-- Data supplied --
****************

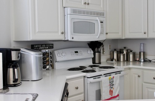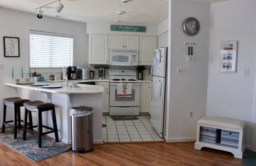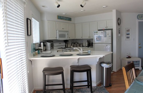 This newly renovated condo offers a fully equipped kitchen with all the extras. Curl up on a cozy couch by the fire place. Dine at the bar or table. Rest in the king master suite with a large private bathroom. The guest bedroom features two twin beds. Convenient to everyone is a full bathroom and washer/dryer combo. WiFi is available and each room has cable TV.
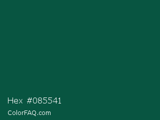 Hex #085541 Color is a very dark cyan color and the nearest color is Sacramento State Green #00563f. Hex code #085541 and RGB value is rgb(8,85,65). In RGB color space, this color is composed of 3% red, 33% green, 25% blue, In CMYK color space, this color is composed of 91% cyan, 0% magenta, 24% yellow , 67% black , In HSL color space, this color has a hue angle of 164° , 83% saturation and 18% lightness.
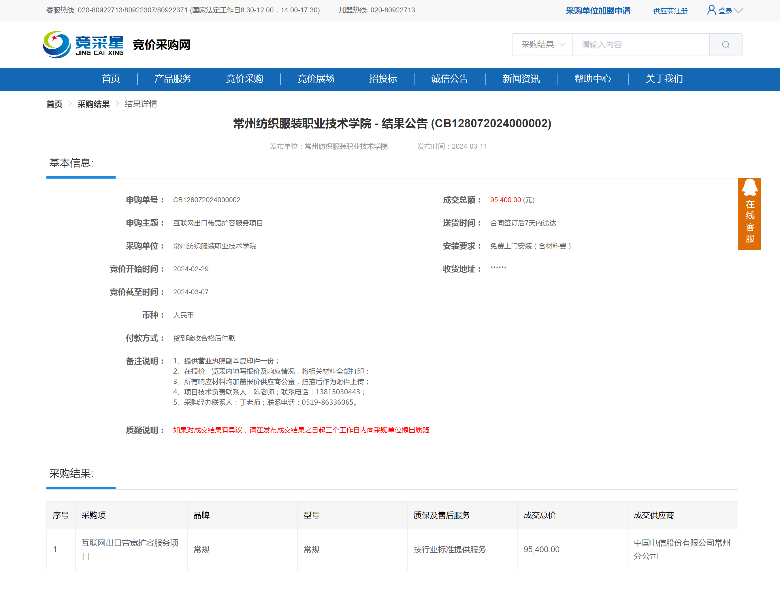 【成交公告】互联网出口带宽扩容服务项目成交公告
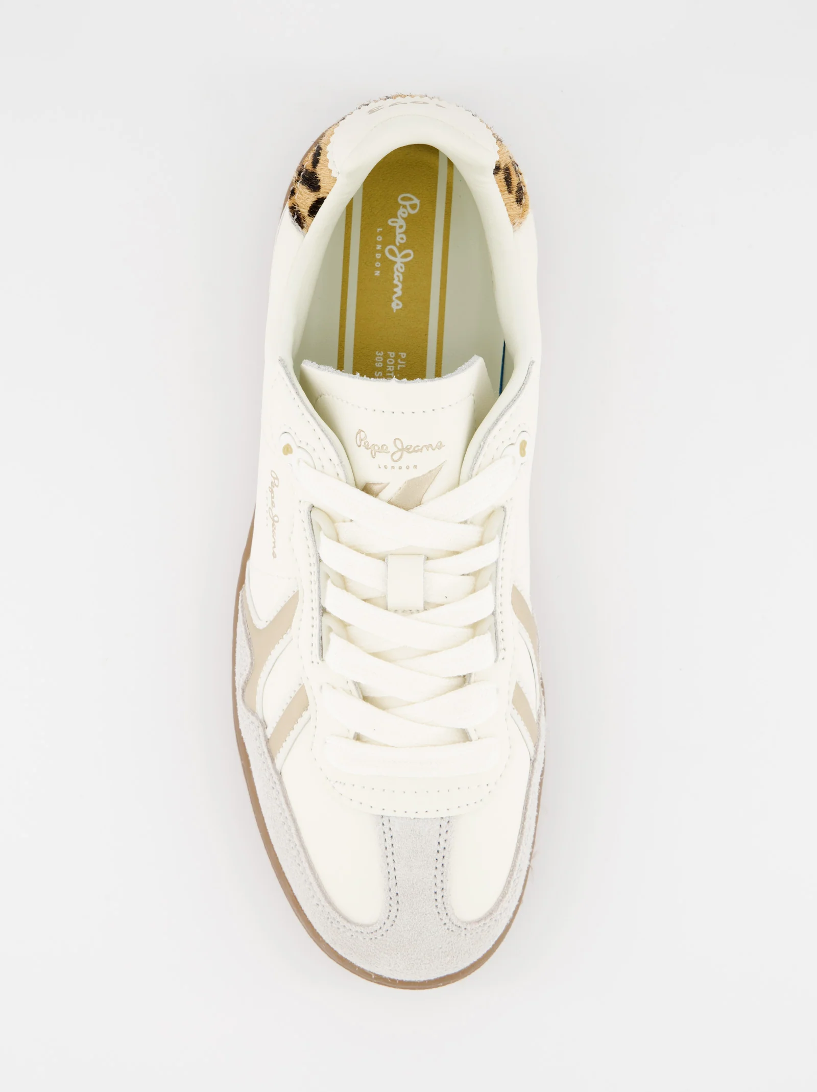 Zapatillas confeccionadas en piel de vacuno. Detalle de ante en puntera. Cierre de cordones con anillas en forma de D. Logo en relieve PEPEJEANS en laterales. Ojal personalizado con monograma P. Detalle animal print en talón. Logo en relieve 1973 en el talón. Suela exterior de goma traslúcida. Dimensiones: 26 cm x 9,2 cm x 6,2 cm. Fabricado con materiales sostenibles.
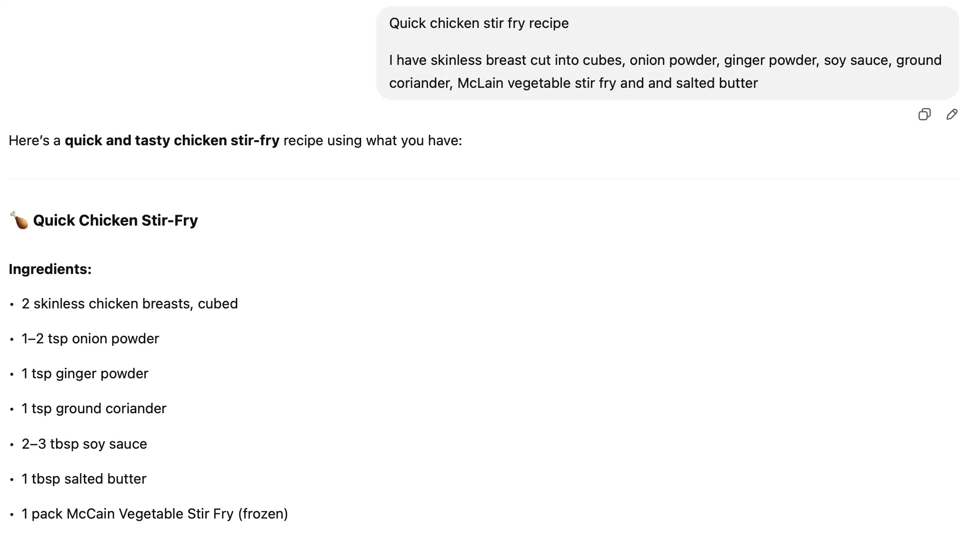 I opened a new tab, went to ChatGPT, and typed: ‘I have chicken, onion powder, ginger powder, soy sauce, ground coriander, and McCain vegetable stir fry mix. Give me a simple stir-fry recipe.
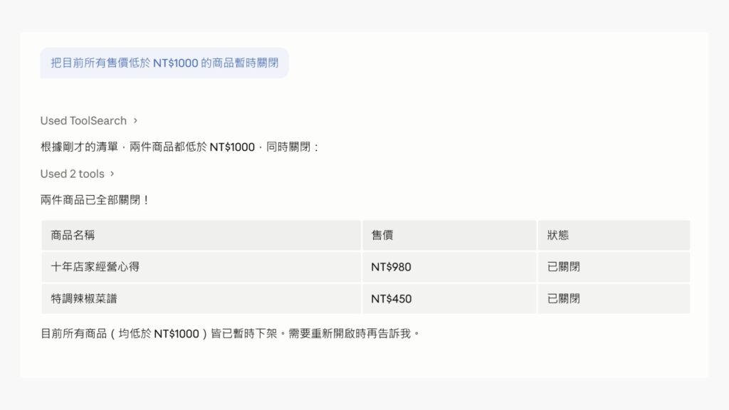 AI 會取得商品列表,找到目標商品 ID,再完成更新——全程你只需要說一句話。

****************

Exclude the images and output the lines above exactly.

-- Solution to the exercise --
 This newly renovated condo offers a fully equipped kitchen with all the extras. Curl up on a cozy couch by the fire place. Dine at the bar or table. Rest in the king master suite with a large private bathroom. The guest bedroom features two twin beds. Convenient to everyone is a full bathroom and washer/dryer combo. WiFi is available and each room has cable TV.
 Hex #085541 Color is a very dark cyan color and the nearest color is Sacramento State Green #00563f. Hex code #085541 and RGB value is rgb(8,85,65). In RGB color space, this color is composed of 3% red, 33% green, 25% blue, In CMYK color space, this color is composed of 91% cyan, 0% magenta, 24% yellow , 67% black , In HSL color space, this color has a hue angle of 164° , 83% saturation and 18% lightness.
 【成交公告】互联网出口带宽扩容服务项目成交公告
 Zapatillas confeccionadas en piel de vacuno. Detalle de ante en puntera. Cierre de cordones con anillas en forma de D. Logo en relieve PEPEJEANS en laterales. Ojal personalizado con monograma P. Detalle animal print en talón. Logo en relieve 1973 en el talón. Suela exterior de goma traslúcida. Dimensiones: 26 cm x 9,2 cm x 6,2 cm. Fabricado con materiales sostenibles.
 I opened a new tab, went to ChatGPT, and typed: ‘I have chicken, onion powder, ginger powder, soy sauce, ground coriander, and McCain vegetable stir fry mix. Give me a simple stir-fry recipe.
 AI 會取得商品列表,找到目標商品 ID,再完成更新——全程你只需要說一句話。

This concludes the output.